The best I could do with my limited knowledge of R was following:
ddply(lanec, 'vehicle.id', summarize, speed.cor = cor(svel, PrecVehVel) )
But this clearly doesn't meet the goal because it finds the correlation for all the rows for a vehicle.id
Upvotes: 4
Views: 1682
Reputation: 4615
This is a tricky problem. I have found that most base R solutions for these "rolling calc" type of problems are way way too slow for data of any significant size. I have had lots of luck by using the data.table
package (especially if speed is an issue). I included the parallel
package just in case you have a ton of observations and you need to do this faster. It is set to mc.cores=1
right now, but if you are running Mac or Linux, you can obviously up it.
lanec <- structure(list(vehicle.id = c(2L, 2L, 2L, 2L, 2L, 3L, 3L, 3L,
3L, 3L, 3L, 3L, 4L, 4L, 4L, 4L, 4L, 4L, 4L, 5L, 5L, 5L, 5L, 5L,
5L, 5L), frame.id = c(1L, 2L, 3L, 4L, 5L, 3L, 4L, 5L, 6L, 7L,
8L, 9L, 1L, 2L, 3L, 4L, 5L, 6L, 7L, 6L, 7L, 8L, 9L, 10L, 11L,
12L), svel = c(55, 75, 53, 50, 32, 49, 55, 55, 43, 45, 52, 50,
38, 42, 45, 48, 50, 52, 55, 49, 52, 54, 58, 60, 63, 70), PrecVehVel = c(59,
59, 57, 54, 52, 53, 59, 59, 47, 49, 56, 54, 42, 46, 49, 52, 54,
56, 59, 53, 56, 58, 62, 64, 67, 74)), .Names = c("vehicle.id",
"frame.id", "svel", "PrecVehVel"), class = "data.frame", row.names = c(NA,
-26L))
#Load data.table package
require("data.table")
require("parallel")
data <- data.table(lanec)
#What length of correlation vector do you want?
cor.vec <- 2
##Assign each customer an ID
data[,ID:=.GRP,by=c("vehicle.id")]
##Group values at the list level
Ref <- data[,list(frame.id=list(I(frame.id)),svel.list=list(I(svel)),PrecVehVel.list=list(I(PrecVehVel))),by=list(vehicle.id)]
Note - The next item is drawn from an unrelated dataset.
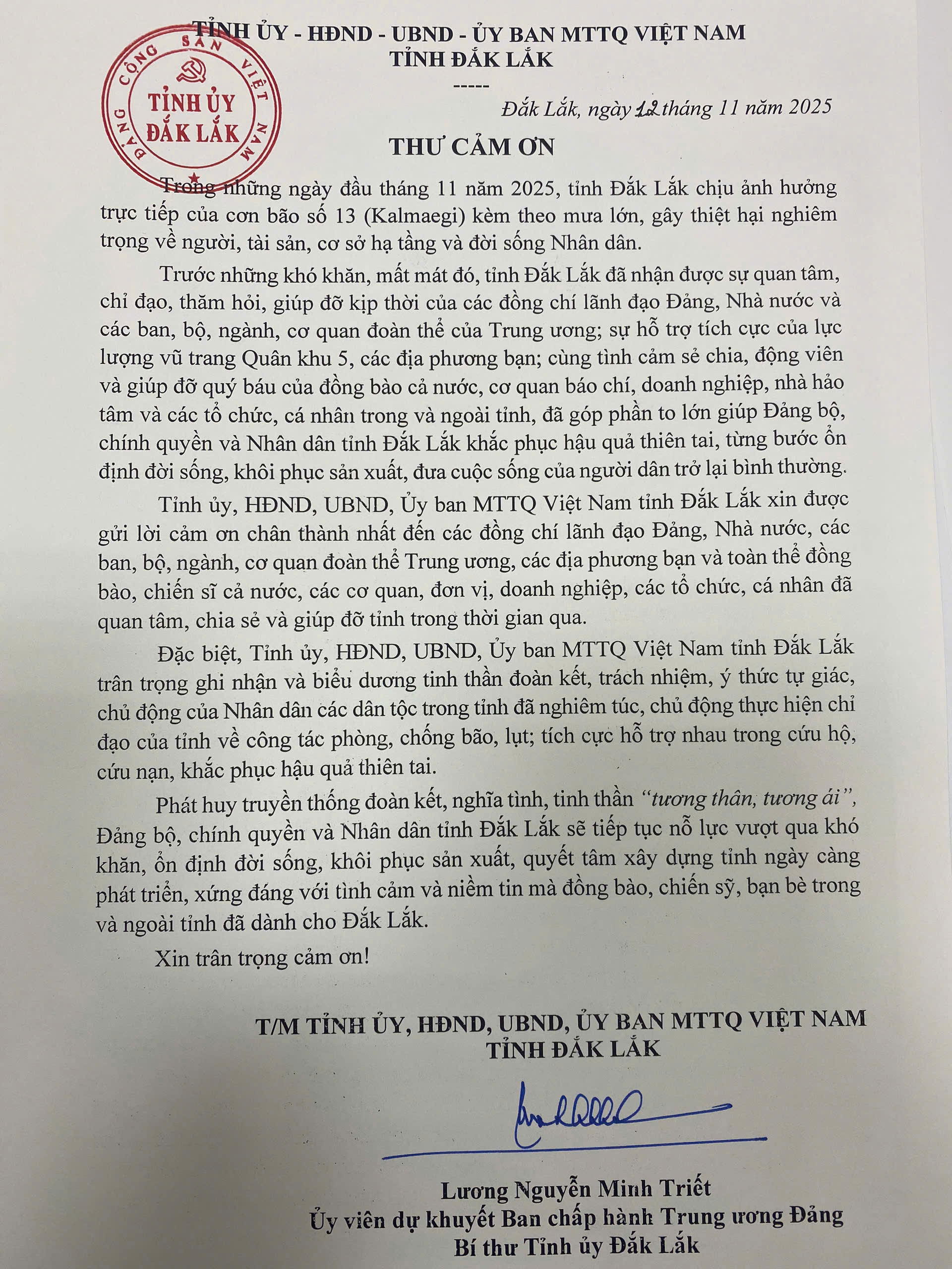 Tỉnh ủy - HĐND - UBND - Ủy ban MTTQ Việt Nam tỉnh Đắk Lắk vừa có Thư cảm ơn nhằm gửi lời cảm ơn chân thành nhất đến các đồng chí lãnh đạo Đảng, Nhà nước, các ban, bộ, ngành, cơ quan, đoàn thể Trung ương, các địa phương bạn và toàn thể đồng bào, chiến sĩ cả nước, các cơ quan, đơn vị, doanh nghiệp, các tổ chức, cá nhân đã kịp thời quan tâm, chia sẻ trước những khó khăn, mất mát do cơn bão số 13 gây ra trên địa bàn, cũng như động viên, giúp đỡ tỉnh Đắk Lắk khắc phục hậu quả thiên tai, từng bước ổn định đời sống, khôi phục sản xuất, đưa cuộc sống của người dân trở lại bình thường.

#Calculate rolling calculation
data$Roll.Corr <- mcmapply(FUN = function(RD, NUM) {
#mcmapply is a multicore version of mapply. If running Linux or Mac, you can up the amount of cores and have the code run faster
#d is the difference between the current frame.id and all other frame.id's within the same vehicle id.
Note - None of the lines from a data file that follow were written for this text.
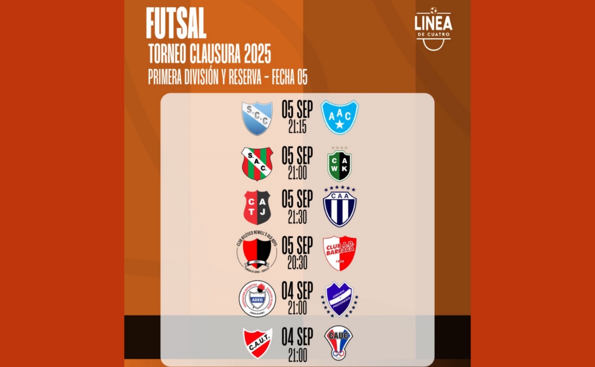 Así se jugará la Fecha 05 del Torneo Clausura 2025 de Futsal de Primera y Reserva.
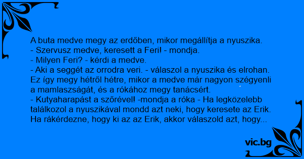- Szervusz medve, keresett a Feri! - mondja.
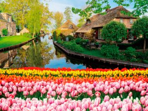 【羊角村】素有「綠色威尼斯」之稱,當地居民曾挖掘地底下的泥煤出售賺錢,不斷開鑿土地後形成一道道狹窄溝渠,居民便順道把溝渠拓寬以方便運送物資。

d <- (Ref$frame.id[[NUM]] - RD)
#The following checks whether d is within the "window" you want. If not in the desired "window", then svel1 and prec1 will have zero values. If in desired "window", then its value will be the respective "svel" and "prec" value in original data.
svel1 <- (d >= 0 & d <= cor.vec)*Ref$svel.list[[NUM]]
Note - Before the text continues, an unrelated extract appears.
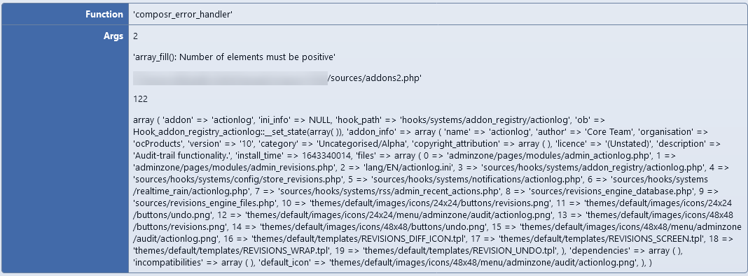 Fixed in git commit 598fde5de (https://gitlab.com/composr-foundation/composr/commit/598fde5de - link will become active once code pushed to GitLab) A hotfix (a TAR of files to upload) has been uploaded to this issue. These files are made to the latest intra-version state (i.e. may roll in earlier fixes too if made to the same files) - so only upload files newer than what you have already. If there are files in a hot-fix that you don't have then they probably relate to addons that you don't have installed and should be skipped. Always take backups of files you are replacing or keep a copy of the manual installer for your version, and only apply fixes you need. These hotfixes are not necessarily reliable or well supported. Not sure how to extract TAR files to your Windows computer? Try 7-zip (http://www.7-zip.org/). hotfix-4811, 2022-01-28 4pm.tar (53,248 bytes) |

prec1 <- (d >= 0 & d <= cor.vec)*Ref$PrecVehVel.list[[NUM]]
#Following discards all data points not in sliding "window" (deletes all of the zeros)
keep <- which(d >= 0 & d <= cor.vec)
svel1 <- svel1[keep]
prec1 <- prec1[keep]
#Following makes sure a correlation value is only provided if the number of points within the window is larger than the correlation "window" length
if (length(svel1)>cor.vec){
cor(svel1,prec1)
} else {
NA
}
}, RD = data$frame.id,NUM=data$ID,mc.cores=1)
#Print data
data[,frame.start:=ifelse(is.na(Roll.Corr),NA,frame.id)]
data[,frame.end:=ifelse(is.na(Roll.Corr),NA,frame.id+cor.vec)]
head(data,10)
vehicle.id frame.id svel PrecVehVel ID Roll.Corr frame.start frame.end
1: 2 1 55 59 1 0.5694948 1 3
2: 2 2 75 59 1 0.8635894 2 4
3: 2 3 53 57 1 0.8746393 3 5
4: 2 4 50 54 1 NA NA NA
5: 2 5 32 52 1 NA NA NA
6: 3 3 49 53 2 1.0000000 3 5
7: 3 4 55 59 2 1.0000000 4 6
8: 3 5 55 59 2 1.0000000 5 7
9: 3 6 43 47 2 1.0000000 6 8
10: 3 7 45 49 2 1.0000000 7 9
Upvotes: 0
Reputation: 67778
You may try a rolling correlation using rollapply
from package zoo
:
library(zoo)
ddply(lanec, 'vehicle.id', function(dat){
dat$speed.cor = rollapply(data = dat, width = 3,
FUN = function(x) cor(x[ , "svel"], x[ , "PrecVehVel"]),
by.column = FALSE, fill = NA)
dat
})
Note that the window width is fixed to 3. Thus, this alternative will not give you the last '2 frame' correlation.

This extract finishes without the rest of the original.